**Record set:**
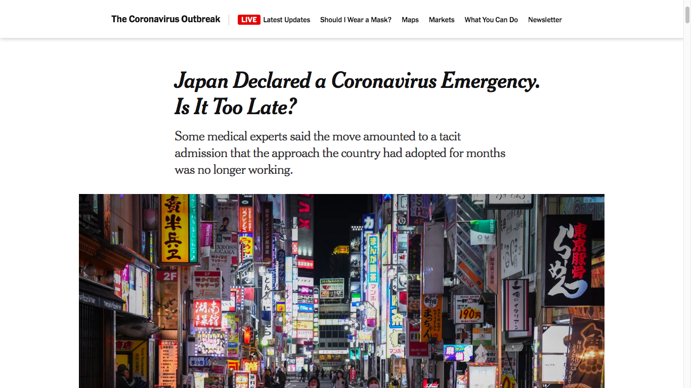 ところがもっと厳しい論調を乗せているのはニューヨークタイムス。この緊急事態宣言は手遅れではないかというヘッドライン
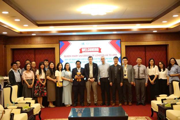 Ảnh 1. Đại diện Đại học Queen Mary chụp ảnh lưu niệm cùng đại diện Lãnh đạo Nhà trường và các đơn vị tham gia buổi làm việc trong khuôn khổ chuyến thăm và làm việc tại UFM ngày 23/3/2026.
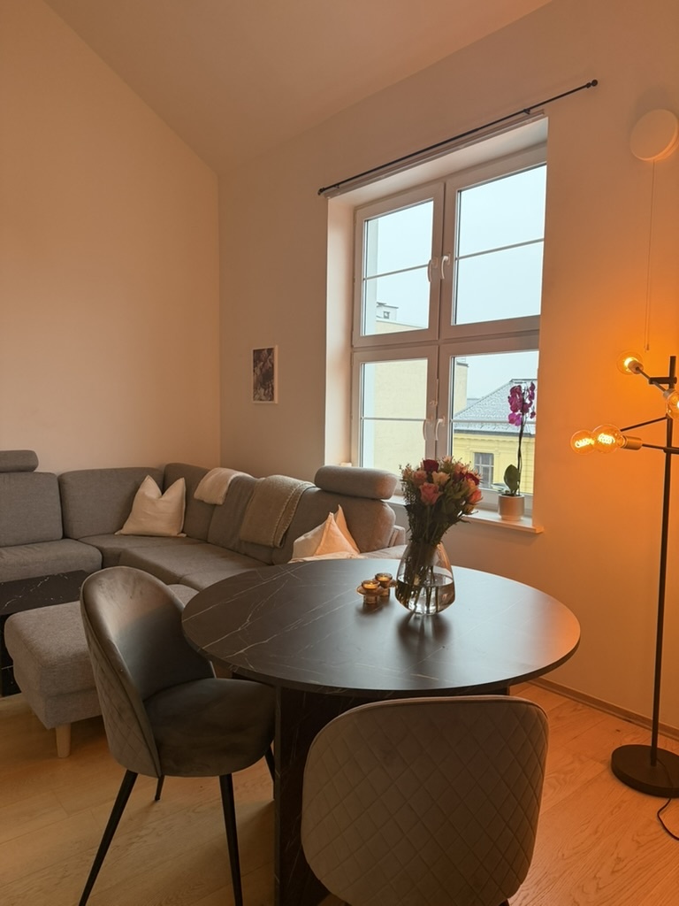 Leiligheten ligger midt i smørøyet, med kort vei til det meste byen har å tilby. En svært god takhøyde (4,75m) gir en romslig følelse. I tillegg til et soverom, stue, kjøkken og bad, byr leiligheten på en hems. Denne benyttes i dag både som et gjesterom og hjemmekontor.
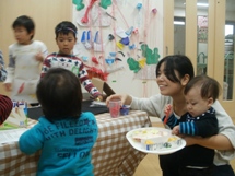 年長組の子どもたちが時間をかけて少しずつ作っていた、手作りのごちそうをお店屋さんにしてみんなを招待してくれました。いちご・りんご組の小さな子どもたちは、目を輝かせながら、本物そっくりの食べ物に触れていました。幼稚園のA組さんにも声をかけ、お客さんで来てもらいました。威勢のよい声がきこえていました。
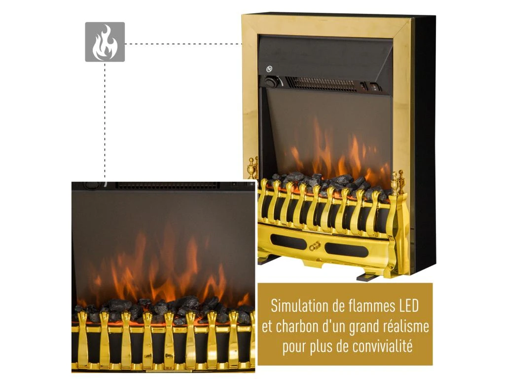 – Effet lumineux flammes/braises et chauffage peuvent être utilisés séparément

**Requirement:** Each record should be given again exactly, with no picture carried over.

**Problem solution:**
 ところがもっと厳しい論調を乗せているのはニューヨークタイムス。この緊急事態宣言は手遅れではないかというヘッドライン
 Ảnh 1. Đại diện Đại học Queen Mary chụp ảnh lưu niệm cùng đại diện Lãnh đạo Nhà trường và các đơn vị tham gia buổi làm việc trong khuôn khổ chuyến thăm và làm việc tại UFM ngày 23/3/2026.
 Leiligheten ligger midt i smørøyet, med kort vei til det meste byen har å tilby. En svært god takhøyde (4,75m) gir en romslig følelse. I tillegg til et soverom, stue, kjøkken og bad, byr leiligheten på en hems. Denne benyttes i dag både som et gjesterom og hjemmekontor.
 年長組の子どもたちが時間をかけて少しずつ作っていた、手作りのごちそうをお店屋さんにしてみんなを招待してくれました。いちご・りんご組の小さな子どもたちは、目を輝かせながら、本物そっくりの食べ物に触れていました。幼稚園のA組さんにも声をかけ、お客さんで来てもらいました。威勢のよい声がきこえていました。
 – Effet lumineux flammes/braises et chauffage peuvent être utilisés séparément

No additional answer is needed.